* AVAILABLE DATA *

· · · · ·

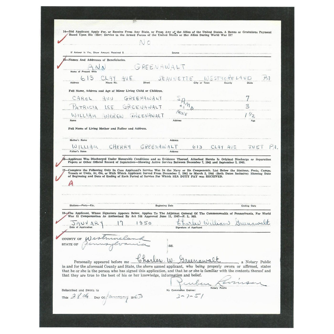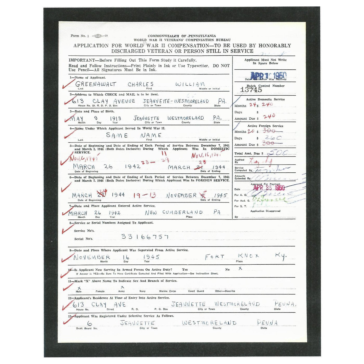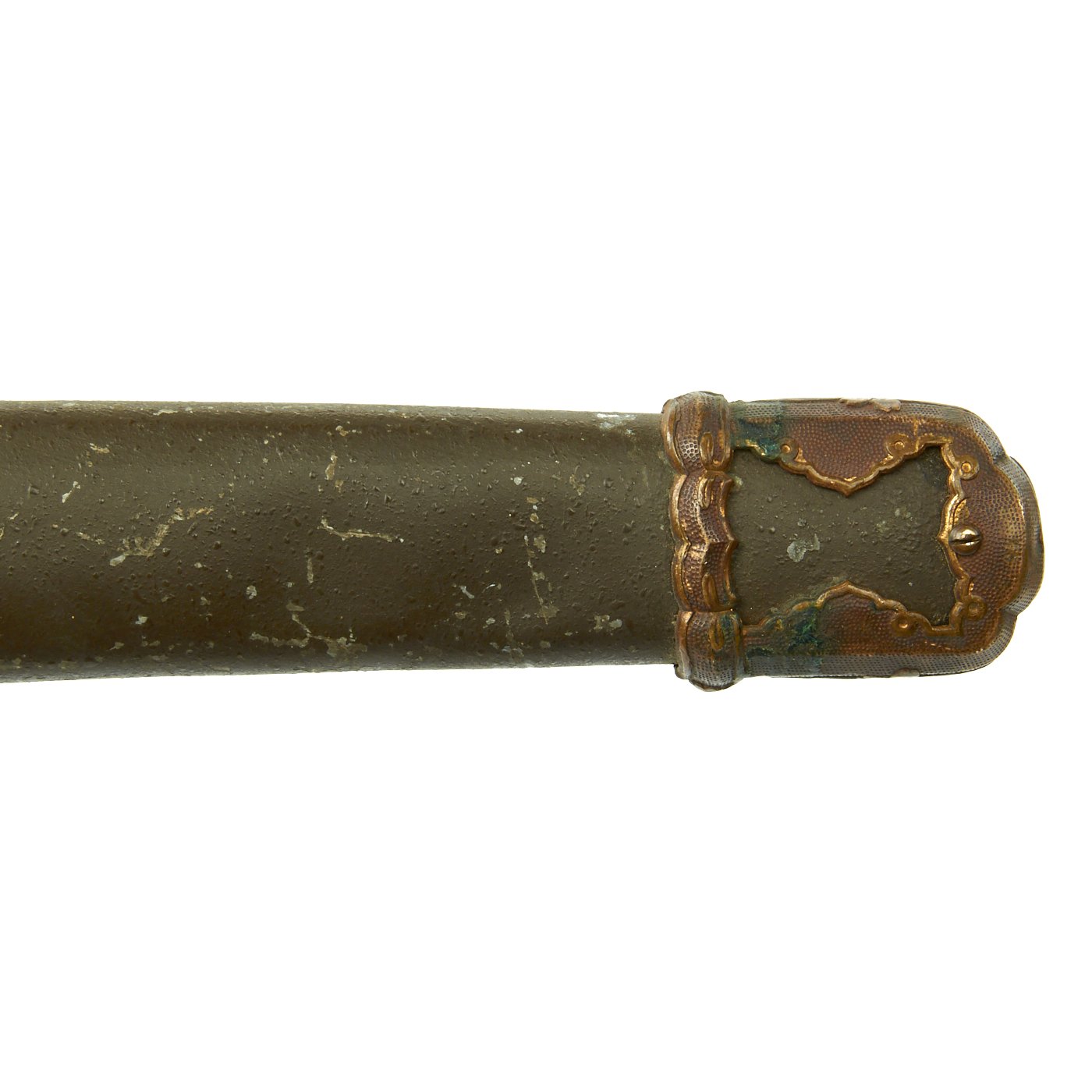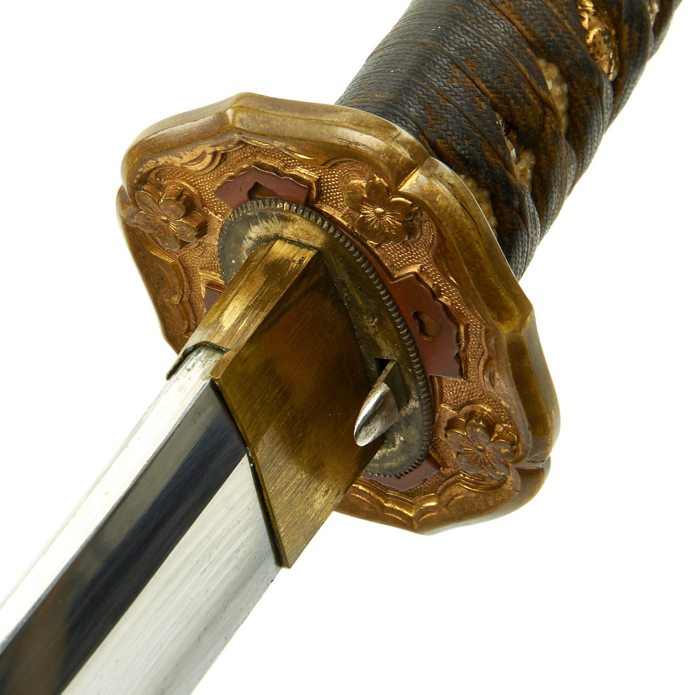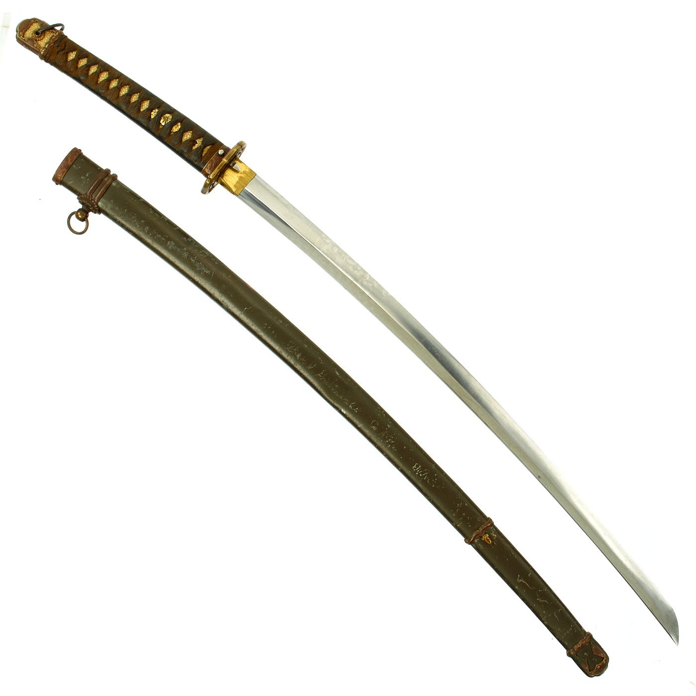 Original Item: Only One Available. Purchased directly from a collector, this is a very nice wartime production high grade Japanese officer Katana in the Type 94 Gunto (九四式軍刀 kyūyon-shiki guntō) setting. A Shin-Guntō (新軍刀, new military sword) is a weapon and symbol of rank used by the Imperial Japanese Army between the years of 1935 and 1945. This is a very nice example, and does show some use in the field. It was captured in the field by Pvt. Charles W. Greenawalt (A.S.N. 33166757), who scratched his name into the paint of the scabbard. Included are printouts of his registration card and pension forms.
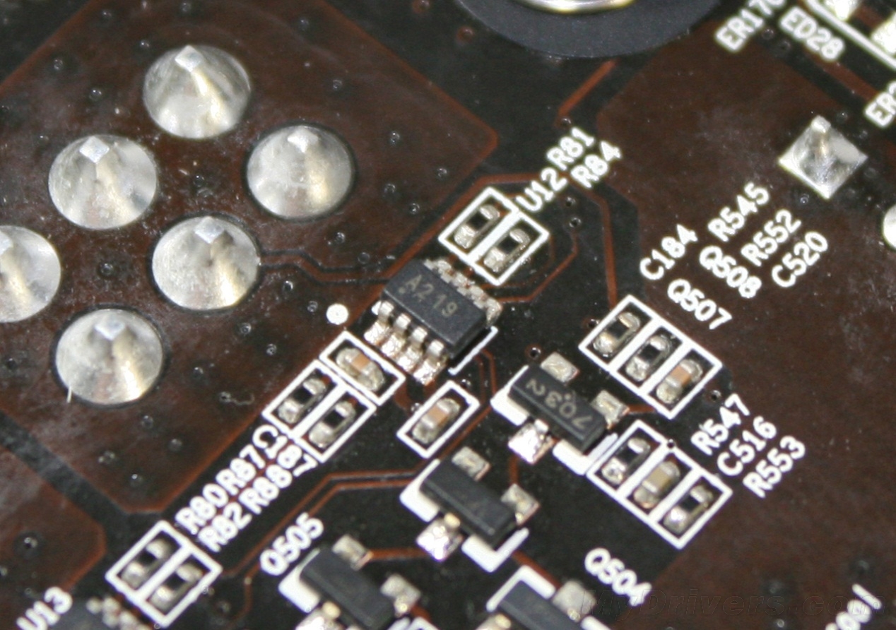 与其它非公版GTX 560 Ti显卡不同,出于谨慎考虑,微星还是加入了数颗A129芯片,用于功耗保护。当显卡超过功耗临界值时,显卡会触发功耗保护电容,自动降低频率。事实上,这种极限状态很少能够碰到,普通用户在日常使用时并不必担心显卡性能会受到影响。当然,对于热爱超频的玩家来讲,可以通过上面的OCP Unlock开关进行关闭,从而使显卡释放更加强大的超频潜力。
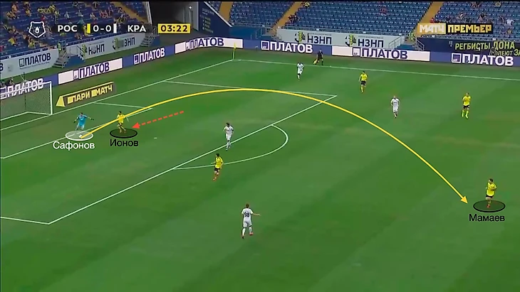 Ионов действительно хорошо поддавил вратаря «быков» и тот спешно вынес мяч точно на бывшего одноклубника Павла Мамаева. Однако к чему-то острому этот перехват не привёл.

· · · · ·

* WHAT THE EXERCISE ASKS *
Give back the listing unchanged. Strip out the pictures.

* TASK SOLUTION *
 Original Item: Only One Available. Purchased directly from a collector, this is a very nice wartime production high grade Japanese officer Katana in the Type 94 Gunto (九四式軍刀 kyūyon-shiki guntō) setting. A Shin-Guntō (新軍刀, new military sword) is a weapon and symbol of rank used by the Imperial Japanese Army between the years of 1935 and 1945. This is a very nice example, and does show some use in the field. It was captured in the field by Pvt. Charles W. Greenawalt (A.S.N. 33166757), who scratched his name into the paint of the scabbard. Included are printouts of his registration card and pension forms.
 与其它非公版GTX 560 Ti显卡不同,出于谨慎考虑,微星还是加入了数颗A129芯片,用于功耗保护。当显卡超过功耗临界值时,显卡会触发功耗保护电容,自动降低频率。事实上,这种极限状态很少能够碰到,普通用户在日常使用时并不必担心显卡性能会受到影响。当然,对于热爱超频的玩家来讲,可以通过上面的OCP Unlock开关进行关闭,从而使显卡释放更加强大的超频潜力。
 Ионов действительно хорошо поддавил вратаря «быков» и тот спешно вынес мяч точно на бывшего одноклубника Павла Мамаева. Однако к чему-то острому этот перехват не привёл.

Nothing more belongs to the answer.